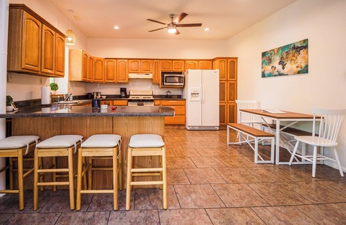 Large, fully stocked kitchen with a gas range—cook up a storm or enjoy the view from the indoor or screened porch dining areas.
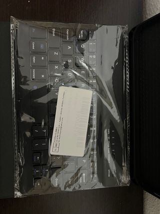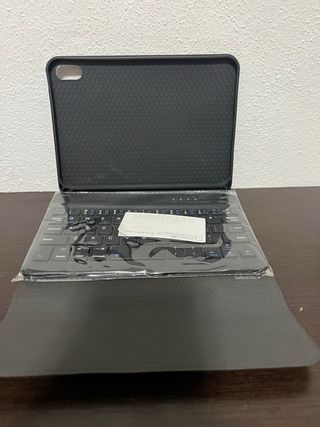 Fondina con tastiera compatibile con iPad Mini di 6ª e 7ª generazione. Tastiera QWERTY spagnola retroilluminata con trackpad. Design con scomparto per matita che permette qualsiasi inclinazione (foto). Cavo USB-A a USB-C incluso. Prezzo nuovo su AliExpress: 35€. iPad non incluso.
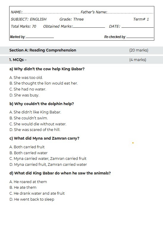 English Grade 3 Term 1
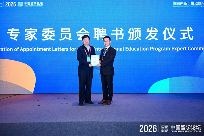 同期,论坛举行专家委员会聘书颁发仪式,正式组建由中外教育专家及行业学者组成的专业智库。孙武军受聘为专家委员会副主任委员,跨境教育中心主任丁晓玉受聘为项目专家委员。
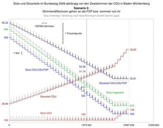 | Keywords: Sitze und Sitzanteile im Bundestag 2009 abhängig von den Zweitstimmen der CDU in Baden-Württemberg – Szenario 2.svg de Darstellung des hypothetischen Ergebnis der Bundestagswahl 2009 wenn die CDU in Baden-Württemberg weniger oder mehr Zweitstimmen bekommen hätte Szenario 2 Stimmendifferenzen gehen an die FDP bzw kommen von ihr so dass die Summe von CDU und FDP konstant bleibt Bei einem Patt werden halbe Sitze verteilt die im Fall der Oberverteilung in der Unterverteilung an das Land mit dem höchsten unerfüllten Sitzanspruch gehen nächste Höchstzahl bei Sainte-Laguë höchster verbleibender Bruchteil bei Hare/Niemeyer Kontext Negatives Stimmengewicht own …¡ …¦ …« 2010-01-15 File Sitze und Sitzanteile im Bundestag 2009 abhängig von den Zweitstimmen der CDU in Baden-Württemberg “ Szenario 1 svg File Sitze und Sitzanteile im Bundestag 2009 abhängig von den Zweitstimmen der CDU in Baden-Württemberg “ Szenario 3 svg Voting systems Bundestag elections |
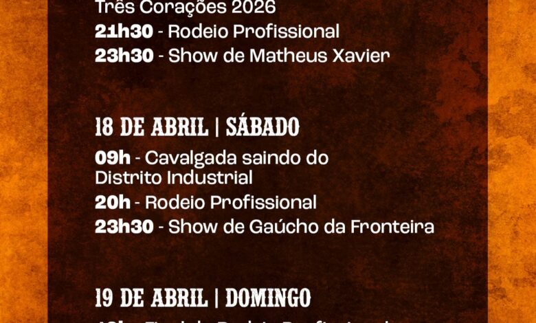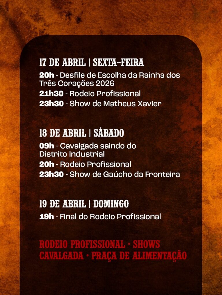 De 17 a 19 de abril, prefeito e vice esperam toda a região no Patrimônio dos Três Corações para viver momentos inesquecíveis.
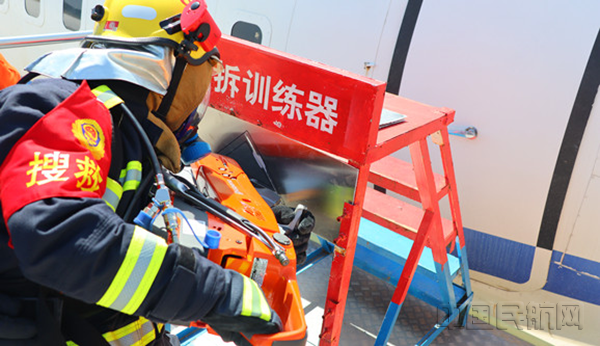 消防員在比賽中進(jìn)行模擬航空器破拆操作(本文圖片均由葉長(zhǎng)青/攝)
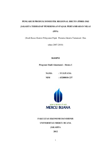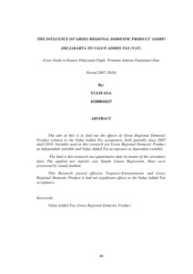 Penelitian ini bertujuan untuk mengetahui pengaruh Produk Domestik Regional Bruto (PDRB) terhadap penerimaan Pajak Pertambahan Nilai (PPN),secara parsial tahun 2007-2010. Variabel yang digunakan dalam penelitian ini adalah Produk Domestik Regional Bruto (PDRB) sebagai variabel independen dan Penerimaan Pajak Pertambahan Nilai sebagai variabel Dependen. Jenis data dari penelitian ini adalah data kuantitatif dengan menggunakan data sekunder. Statistik uji yang digunakan adalah Regresi Linier Sederhana. Data diproses dengan menggunakan metode kausal. Penelitian ini membuktikan bahwa jumlah Produk Domestik Regional Bruto (PDRB) tidak mempunyai pengaruh yang signifikan terhadap penerimaan Pajak Pertambahan Nilai (PPN).
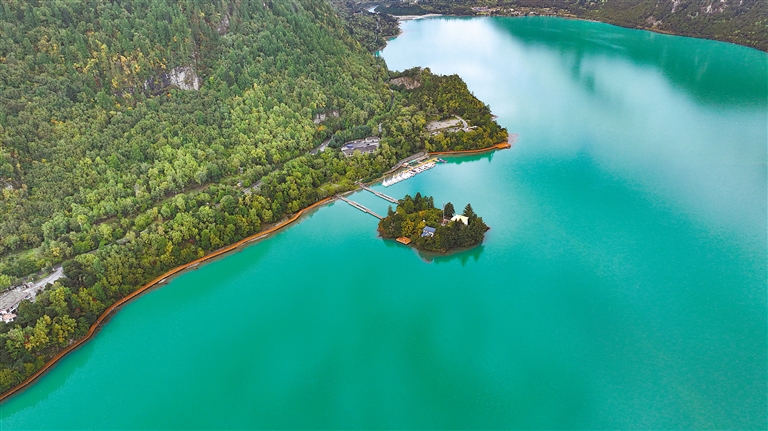 图为10月5日拍摄的西藏林芝市工布江达县巴松措湖心岛景色(无人机照片)。新华社记者 晋美多吉 摄
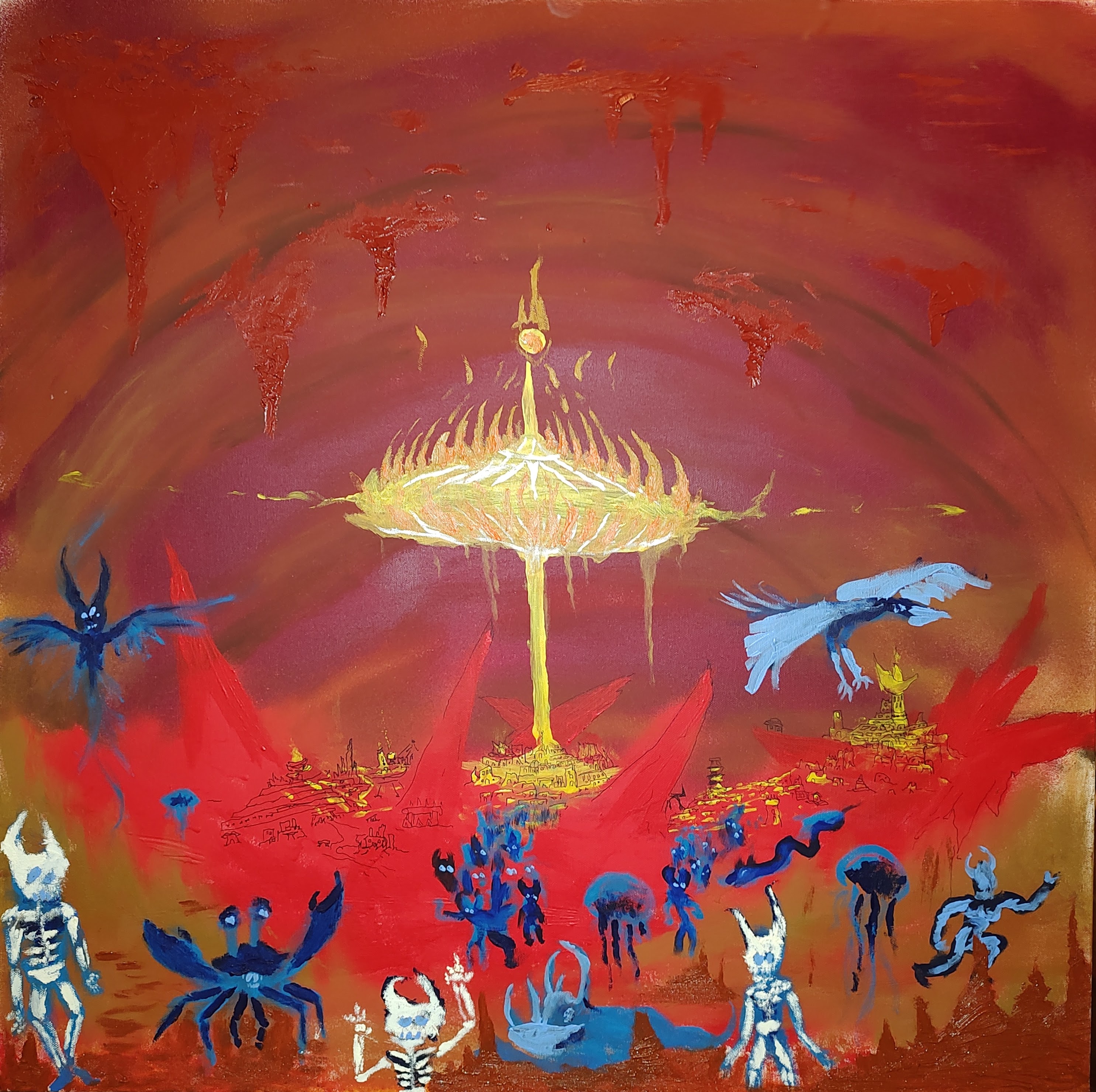 I spent a good 4 months in 2022 slowly painting this massive canvas. Largest surface I’ve ever worked on, I learned a good deal from this one. It’s not quite fully realized, but I think that I’m happy with where it’s at.
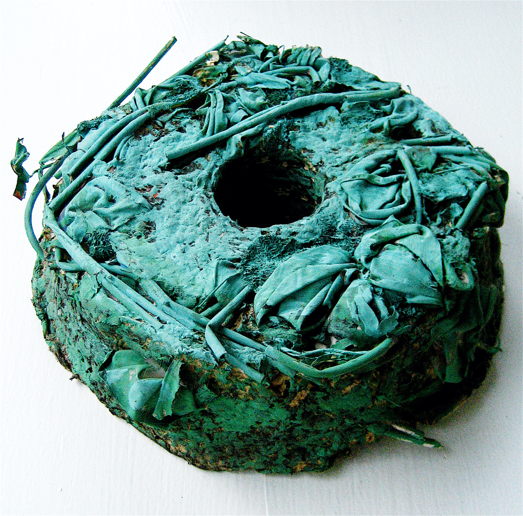 Painted newspaper, artificial flowers. 9 1/2″ diam. x 2 3/4″. Collection of the artist.

........

Task details: After dropping the pictures, please set down the lines from the beginning of the listing through the line containing "同期,论坛举行专家委员会聘书", both included, exactly as they stand.

Written solution:
 Large, fully stocked kitchen with a gas range—cook up a storm or enjoy the view from the indoor or screened porch dining areas.
 Fondina con tastiera compatibile con iPad Mini di 6ª e 7ª generazione. Tastiera QWERTY spagnola retroilluminata con trackpad. Design con scomparto per matita che permette qualsiasi inclinazione (foto). Cavo USB-A a USB-C incluso. Prezzo nuovo su AliExpress: 35€. iPad non incluso.
 English Grade 3 Term 1
 同期,论坛举行专家委员会聘书颁发仪式,正式组建由中外教育专家及行业学者组成的专业智库。孙武军受聘为专家委员会副主任委员,跨境教育中心主任丁晓玉受聘为项目专家委员。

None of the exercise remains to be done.